In addition to those who have said they would move legal domiciles to England in the event of a Yes vote, leading retailers such as John Lewis and Asda warned last week of rising prices in Scotland because of a lack of UK-subsidised distribution costs.

It means business has now gone through three distinct phases regarding the referendum. The sector’s initial response was a strong instinct to keep heads beneath the parapet.

Coming out explicitly on one side or t’other risked alienating customers. That feeling of being on a hiding to nothing led to an early business default position of a “clamour for clarity”: never likely to be completely met by Scotland’s First Minister in order for him to retain some post-referendum political flexibility. In effect, that early business stance just kicked the can down the road. It gave way to companies queuing up to say they had contingency plans in the event of a Yes vote, but ­– vaguely Blackadder-like – with no details being disclosed. All was pregnant with implication and inference, however.

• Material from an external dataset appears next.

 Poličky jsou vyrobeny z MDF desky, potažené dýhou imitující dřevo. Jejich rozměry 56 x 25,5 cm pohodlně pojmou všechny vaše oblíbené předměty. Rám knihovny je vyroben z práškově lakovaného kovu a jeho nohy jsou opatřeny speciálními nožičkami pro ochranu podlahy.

Now push has come to shove. The business world and Westminster was shocked by one recent poll that showed the Yes vote ahead for the first time. It is said David Cameron explicitly urged Britain’s industrialists to get off the sidelines and warn of the possible consequences for corporate costs and consumer prices of Scotland going it alone.

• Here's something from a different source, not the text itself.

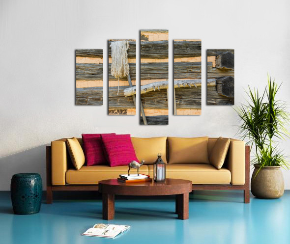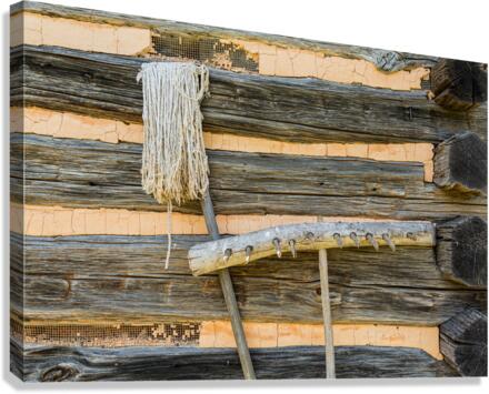 Old rake and mop against log cabin Canvas print

As a result the viewpoint of much of big business has become a participant in trying to influence the electorate rather than a bystander with concerns. The thing this doesn’t change is the referendum remains manifestly for the Scottish people to decide. The business voice, which leans towards Better Together but is not uniform, is an important contribution. However, the issues transcend the corporate sector and are more viscerally resonant than the price of milk or beans in the shops.

But it is also glib and unfair to deride business warnings as just scaremongering. Or to consider that departing HQs make those businesses somehow beige Scots, lacking in patriotism.

Leading businesses would be failing in their fiduciary duty if they did not spell out their concerns and plans. Knowing where they stand is a valid contribution, and grist to the mill in Scots deciding a momentous issue.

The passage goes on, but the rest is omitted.